In the spirit of trying to blog more frequently, today's post will be a quick one. Just a simple recipe to spice up a delicious, extremely healthy, and portable snack.

Warning: Food geek speak ahead. Nuts and seeds are often cited as excellent sources of poly- and mono-unsaturated fats, which they are, providing us with tons of heart-healthy fats along with a good dose of fiber and a nice boost of protein. They are also, and less commonly credited for, great sources of trace minerals and vitamins we don't otherwise get enough of. These include vitamin E, folate, magnesium, selenium, iron and manganese.

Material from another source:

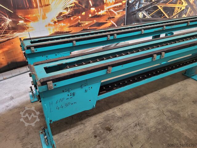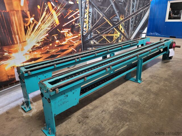 Поперечные тягачи в качестве цепной буксировочной системы для поперечной транспортировки сортового проката в стальном строительстве и торговле сталью. Эти устойчивые поперечные тягачи использовались на линии распиловки и сверления Kaltenbach.
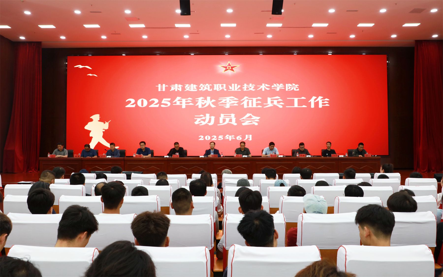 大会在庄严的国歌声中拉开帷幕,许庆兵宣读了《甘肃建筑职业技术学院关于做好2025年大学生应征入伍工作的通知》,通报了2025年上半年学校征兵情况。

Tamari is a type of soy sauce, and is easy to find in GF forms. It is a little more subtle than most soy sauces - I find it to be less salty and more flavorful. These tamari almonds work their magic in my usual nut mix, adding a little salt and a ton of flavor. While nuts are an extremely healthy food, be careful as the calories do add up in a hurry!
Tamari Almonds

2c Raw Almonds
1/4c Tamari
pinch Salt

Preheat oven to 275F. In a small bowl, toss the almonds with the tamari sauce and salt. Spread them in a single layer on a baking sheet and bake for 30 min or so, stirring occasionally. You want the almonds to be dry but not burnt. Remove from oven and let cool completely before storing. Enjoy!

My Nut Mix
Mix in equal parts of:

Hulled Pumpkin seeds (roasted or raw, unsalted)
Hulled Sunflower Seeds (roasted, salted)
Cashews (roasted, unsalted)
Walnut Pieces
Almonds (you can go for flavors here, such as tamari or any others you can find)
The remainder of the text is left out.